But that function calls any of three different implementation
functions depending on the situation and the patch only updates one of
them. And it updates that function to return -2 when the is
ECONNRESET, which seems to fly in the face of the comment's idea that
this is the "clean connection closure" case. I think it's probably a
bad sign that this function is tinkering with logic in this sort of
low-level function anyway. pqReadData() is a really general function
that manages to work with non-blocking I/O already, so why does
non-blocking query cancellation need to change its return values, or
whether or not it drops data in certain cases?

I'm also skeptical about the fact that we end up with a whole bunch of
new functions that are just wrappers around existing functions. That's
not a scalable approach. Every function that we have for a PGconn will
eventually need a variant that deals with a PGcancelConn. That seems
kind of pointless, especially considering that a PGcancelConn is
*exactly* a PGconn in disguise. If we decide to pursue the approach of
using the existing infrastructure for PGconn objects to handle query
cancellation, we ought to manipulate them using the same functions we
currently do, with some kind of mode or flag or switch or something
that you can use to turn a regular PGconn into something that cancels
a query. Maybe you create the PGconn and call
PQsprinkleMagicCancelDust() on it, and then you just proceed using the
existing functions, or something like that. Then, not only do the
existing functions not need query-cancel analogues, but any new
functions we add in the future don't either.
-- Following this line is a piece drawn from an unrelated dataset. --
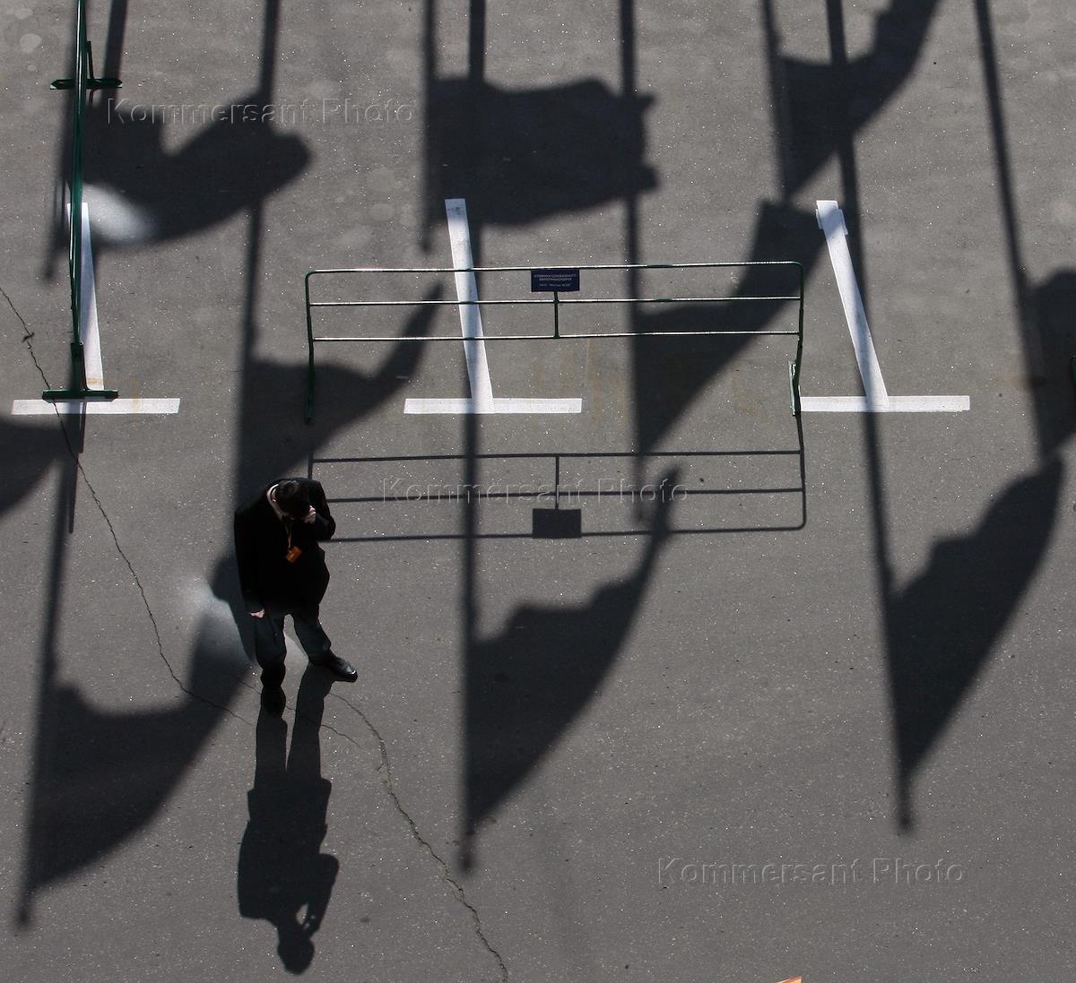 Жанровая фотография. Человек стоит на автомобильной парковке у центрального офиса ОАО "НК "Роснефть".

I'll set the target version for this patch to 16. I hope work continues.

Thanks,

--
Robert Haas
EDB: http://www.enterprisedb.com

Tom Lane

tgl@sss.pgh.pa.us

about 4 years ago

In reply to: Robert Haas (#7)

Re: Add non-blocking version of PQcancel

Robert Haas <robertmhaas@gmail.com> writes:

That said, I don't think that this particular patch is going in the
right direction. I think Jacob's comment upthread is right on point:
"This seems like a big change compared to PQcancel(); one that's not
really hinted at elsewhere. Having the async version of an API open up
a completely different code path with new features is pretty
surprising to me." It seems to me that we want to end up with similar
code paths for PQcancel() and the non-blocking version of cancel. We
could get there in two ways. One way would be to implement the
non-blocking functionality in a manner that matches exactly what
PQcancel() does now. I imagine that the existing code from PQcancel()
would move, with some amount of change, into a new set of non-blocking
APIs. Perhaps PQcancel() would then be rewritten to use those new APIs
instead of hand-rolling the same logic. The other possible approach
would be to first change the blocking version of PQcancel() to use the
regular connection code instead of its own idiosyncratic logic, and
then as a second step, extend it with non-blocking interfaces that use
the regular non-blocking connection code. With either of these
approaches, we end up with the functionality working similarly in the
blocking and non-blocking code paths.

I think you misunderstand where the real pain point is. The reason
that PQcancel's functionality is so limited has little to do with
blocking vs non-blocking, and everything to do with the fact that
it's designed to be safe to call from a SIGINT handler. That makes
it quite impractical to invoke OpenSSL, and probably our GSS code
as well. If we want support for all connection-time options then
we have to make a new function that does not promise signal safety.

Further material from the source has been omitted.